Thorns matches are no typical family outings. Entire girls' club teams will sit, focused and wide-eyed, only speaking to comment on the intricacies of strategy. Even teenage boys watch the match transfixed.

Until, of course, the Thorns score. Then it's a cacophony of screams and shouts, the Riveters chanting away, scarves fluttering en masse—as thick, red celebration smoke pours from the north end and settles like a fog.

Then a badass young woman emerges from the haze to beat her own chest and celebrate her strength along with 17,000 other people.

(Corri Goates)
(Corri Goates)

"The No. 1 reason I love the Thorns is, on a philosophical and ideological level, it was so important to me growing up to see these strong women," says Sarah Krabacher, a die-hard fan who makes sure she sits in the same seat in the front row of the north end for every game. "It's very exciting to see women athletes worshiped, by girls and boys."

Portland City Commissioner Amanda Fritz was a fan of the Leeds United men's professional soccer team while growing up in England, but her family loves the Thorns so much, it spent part of her son's wedding day watching a live YouTube broadcast of a Thorns-Seattle Reign match. (Unfortunately for Fritz, the Reign won 3-1.)

"When I was growing up, girls didn't play soccer at all," Fritz says. Attending Thorns matches "just reminds me every time of how far women have come in my lifetime. The whole experience is wonderful."

Tobin Heath (Corri Goates)
Tobin Heath (Corri Goates)

Another aspect of Thorns' matches is even more rare at sporting events.

Chris Henderson, a graduate student in American and sports studies at the University of Iowa, spent several days in Portland interviewing members of the Riveters for an academic paper titled "Two Balls Is Too Many: Stadium Performance, Gender, and Queerness Among Portland's Rose City Riveters Supporters Club."

The recurring theme he found? The north end is "a safe space for queer people."

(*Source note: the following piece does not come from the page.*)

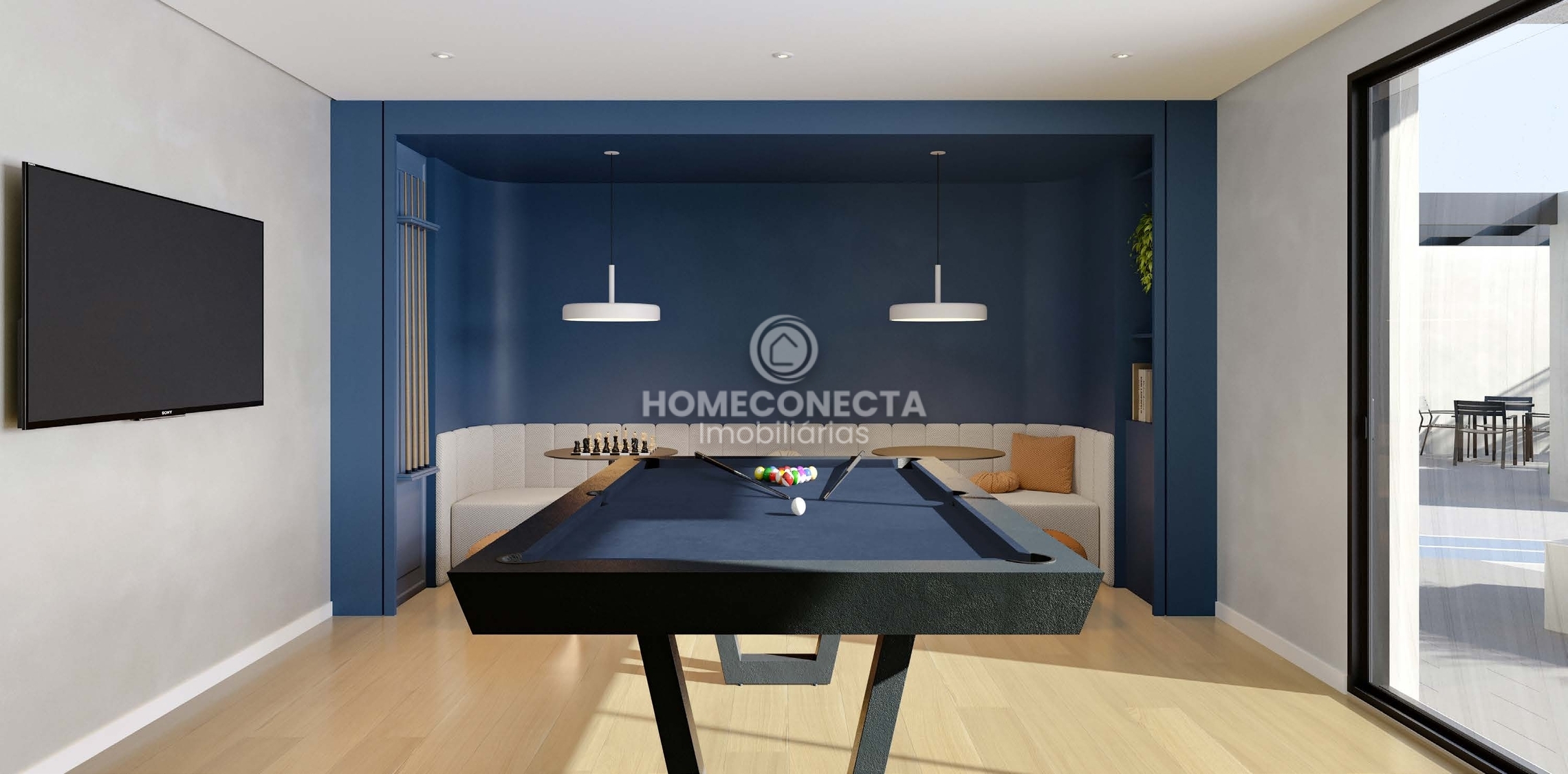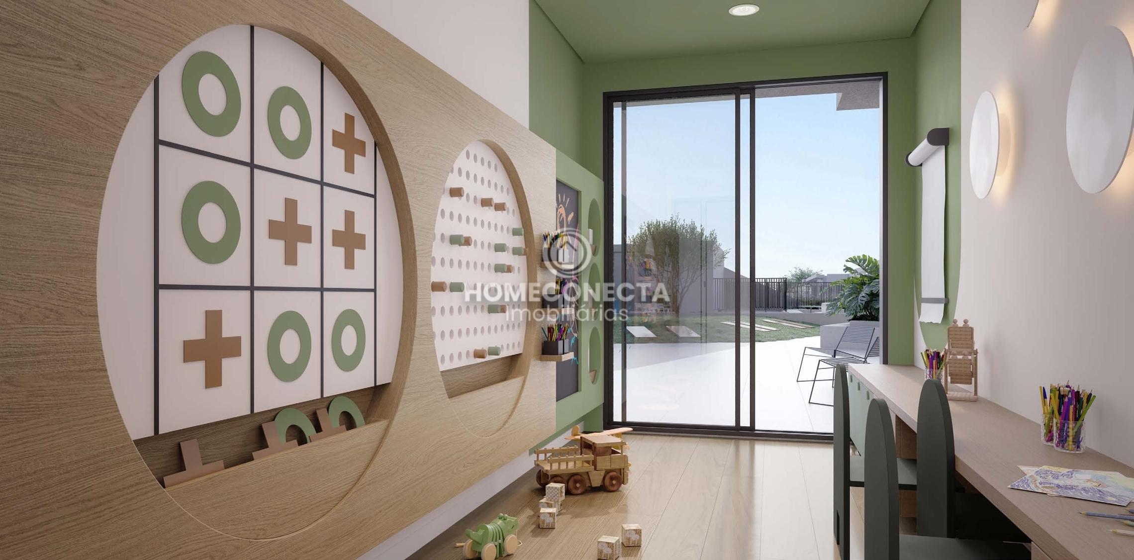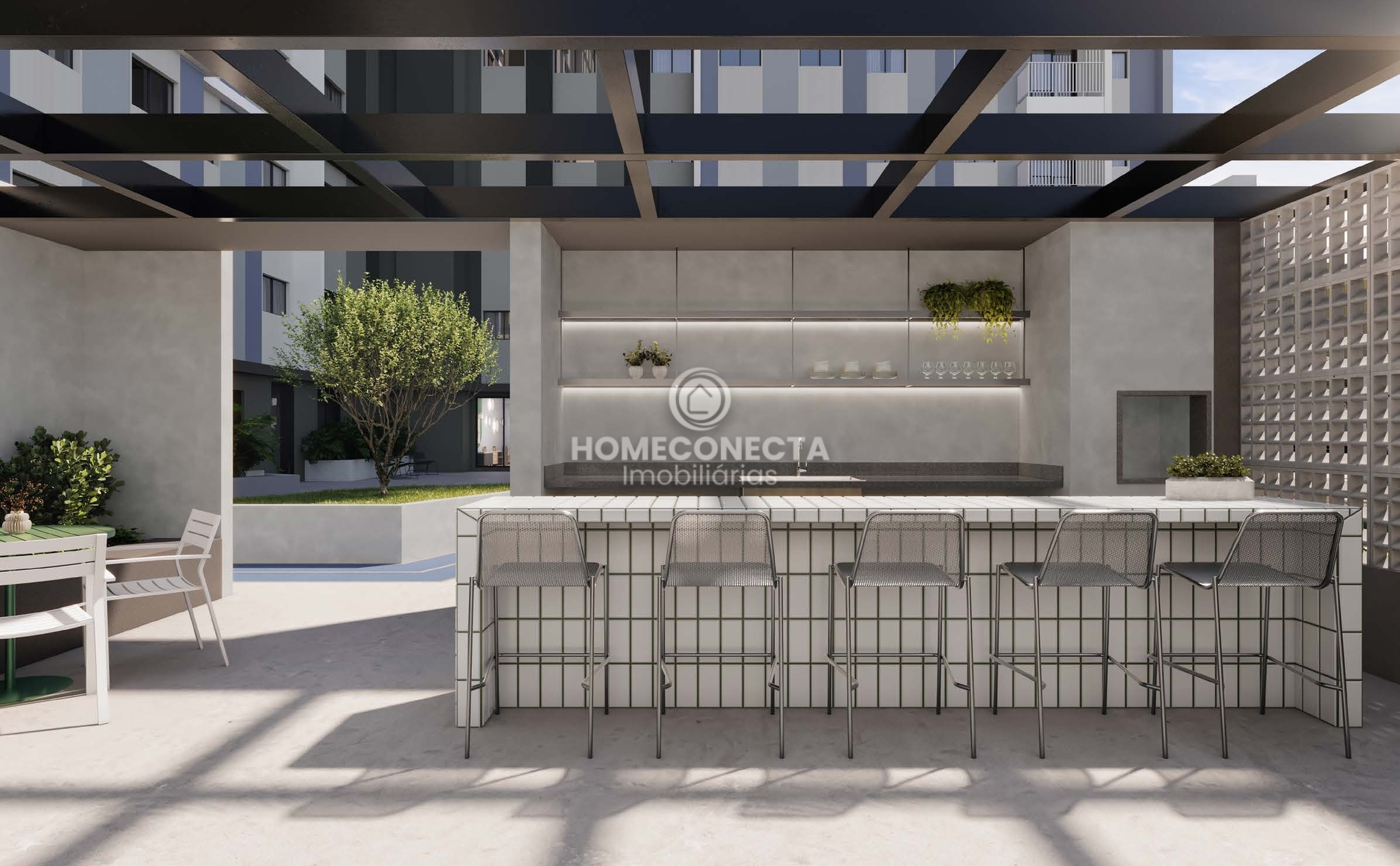 O condomínio conta com infraestrutura completa de lazer e convivência: academia, salão de festas, sala de jogos, brinquedoteca, pet place, playground, quadra poliesportiva, pista de cooper, quiosque gourmet, bicicletário e espaços de convivência integrados.

Craddock, a season-ticket holder who developed a friendship with Krabacher and several others after they met in the north end, says that's a factor in attendance for Thorns matches. "I think there are several reasons, one of which is obviously lesbians," she says with a laugh.

"The pro-queer factor is huge for me," Krabacher adds. "Honestly, a Thorns game is the largest lesbian convention in the world.

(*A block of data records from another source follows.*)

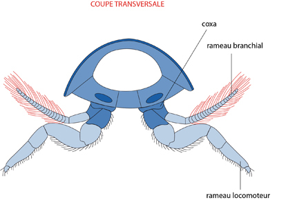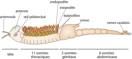 Observons le dessin suivant. Malgré des aspects très divers, tous les membres de cette Classe possèdent comme caractéristique d'avoir des appendices aplatis : l'exopodite et l'endopodite sont des palettes bordées de poils, et l'épipodite, aplati lui aussi, sert de branchie (d'où le nom de la Classe : les Branchiopodes).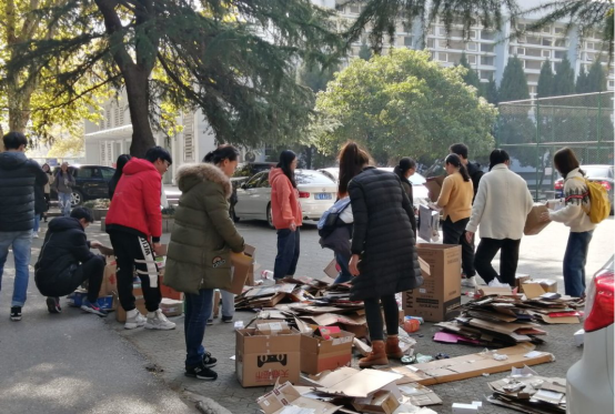 中午时,活动正式开始。志愿者们热情满满,对本次活动的顺利进展充满信心。他们走向各自负责的楼层,逐间宿舍进行废品回收。因为这时候许多同学都在休息,所以志愿者们都轻轻地敲门,轻声询问。同学们对志愿者的工作也表示理解和支持,有的人已经在门外提前备好了废品,有的人主动询问舍友配合完成回收,离开宿舍前,志愿者对同学们的积极配合表达了感谢。同学们也很喜欢经院志协的这次活动,宿舍也因此变得更为整洁。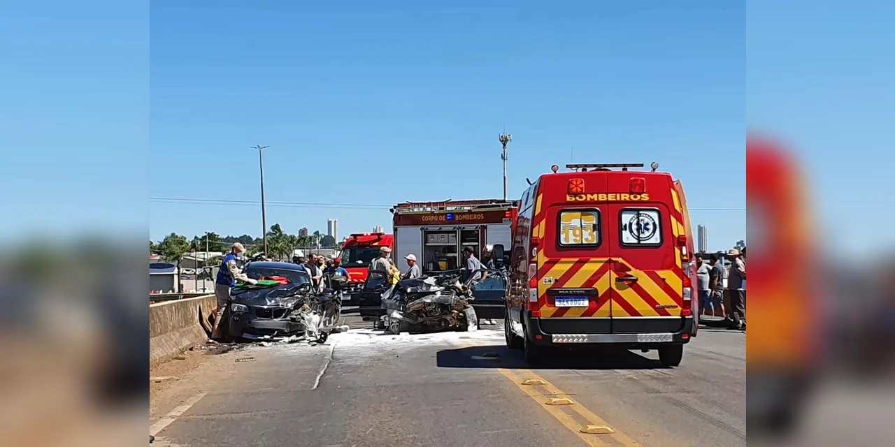 Segundo os bombeiros, a batida aconteceu no viaduto de acesso à cidade, por volta das 14h.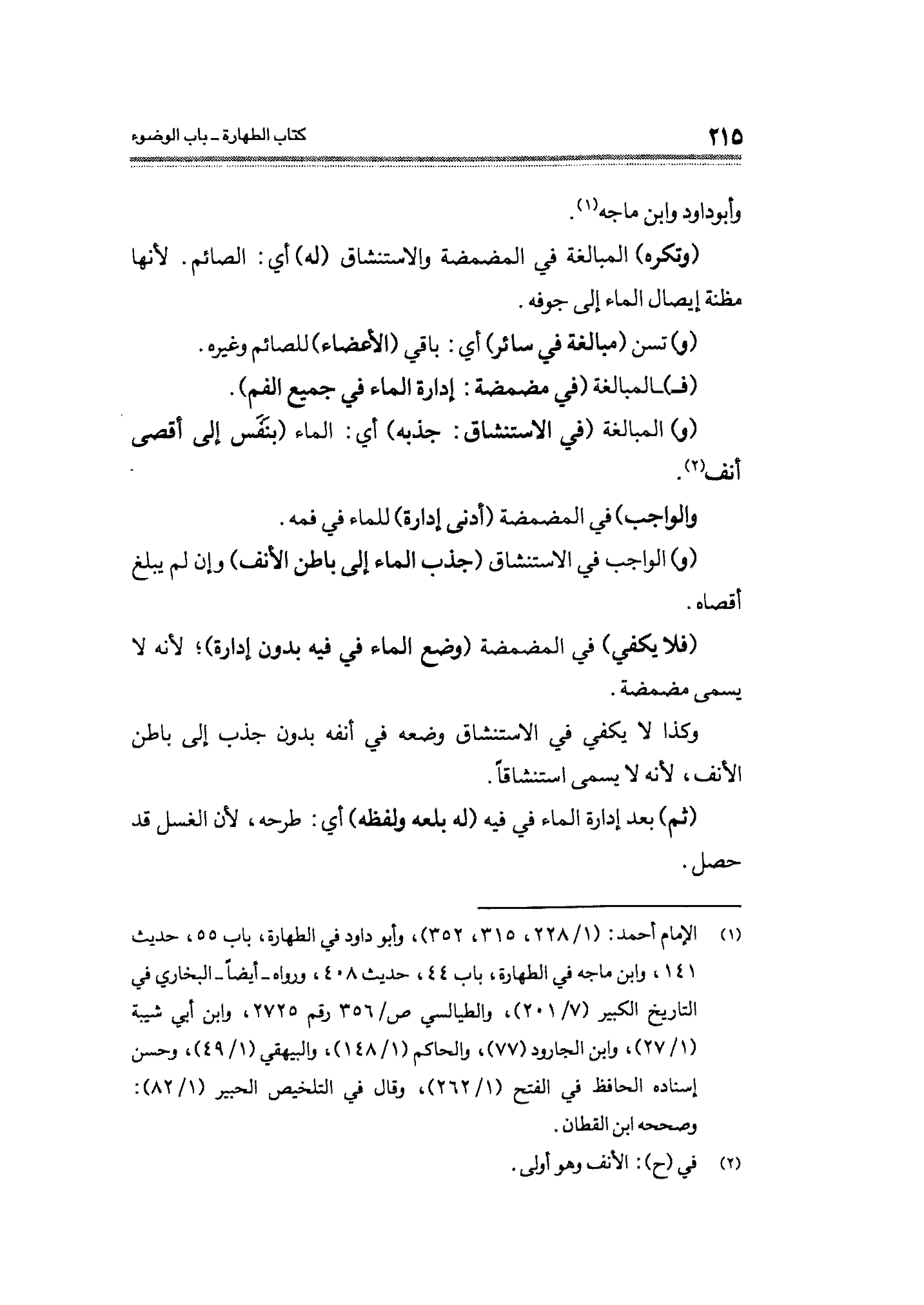 (¬١) الإمام أحمد: (١/ ٢٢٨، ٣١٥، ٣٥٢)، وأبو داود في الطهارة، باب ٥٥، حديث ١٤١، وابن ماجة في الطهارة، باب ٤٤، حديث ٤٠٨، ورواه -أيضًا- البخاري في التاريخ الكبير (١/ ٢٠٧)، والطيالسي ص / ٣٥٦ رقم ٢٧٢٥، وابن أبي شيبة: (١/ ٢٧)، وابن الجارود (٧٧)، والحاكم (١/ ١٤٨)، والبيهقي (١/ ٤٩)، وحسن إسناده الحافظ في الفتح (١/ ٢٦٢)، وقال في التلخيص الحبير (١/ ٨٢): وصححه ابن القطان.

"I'm from Idaho, and being a lesbian and being at a Thorns game, with all the pride flags and the tifo they did after the Orlando shooting and all these LGBTQ celebrations, it's something Portland offers that some other places don't."

(Corri Goates)
(Corri Goates)

Perhaps the most remarkable part of fans' love affair with the Thorns is that it has grown stronger, even when the team's performance has gotten weaker.

After winning the NWSL championship in their first season, the Thorns were eliminated in the first round of the playoffs in 2014. Last year, they won just six of 20 matches, failing to even reach the playoffs. Still, fans showed up—and more often.

Average home attendance rose from 13,320 in the Thorns' first season to 15,639 in last year's dismal performance to 16,772 this season. (Disclosure: This author writes copy for Nike, which is a sponsor of the Thorns.)

The Thorns' biggest crowd this season at Providence Park was 19,231 on July 30, when Portland defeated the Seattle Reign 1-0 despite playing without its Olympians. The Thorns fielded a shorthanded team of 15 players, some of them unpaid amateurs, and the crowd cheered louder than ever.

That kind of loyalty is requited.

Long, the Thorns midfielder who recently returned from her first stint on the U.S. Olympic team, recalls a fan tweeting about his 8-year-old daughter getting bullied for wearing a Thorns jersey to school.

"I hate bullying," Long says. "And they were making fun of her, and I was like, 'Oh, heck no." She reached out to the girl, got her tickets to a game, autographed gear, and met her after the match.

"I just have so much respect for our fans," Long says, her eyes flashing as she recounts the story. "Especially if some cute, little girl is getting bullied. She should be proud for wearing that jersey."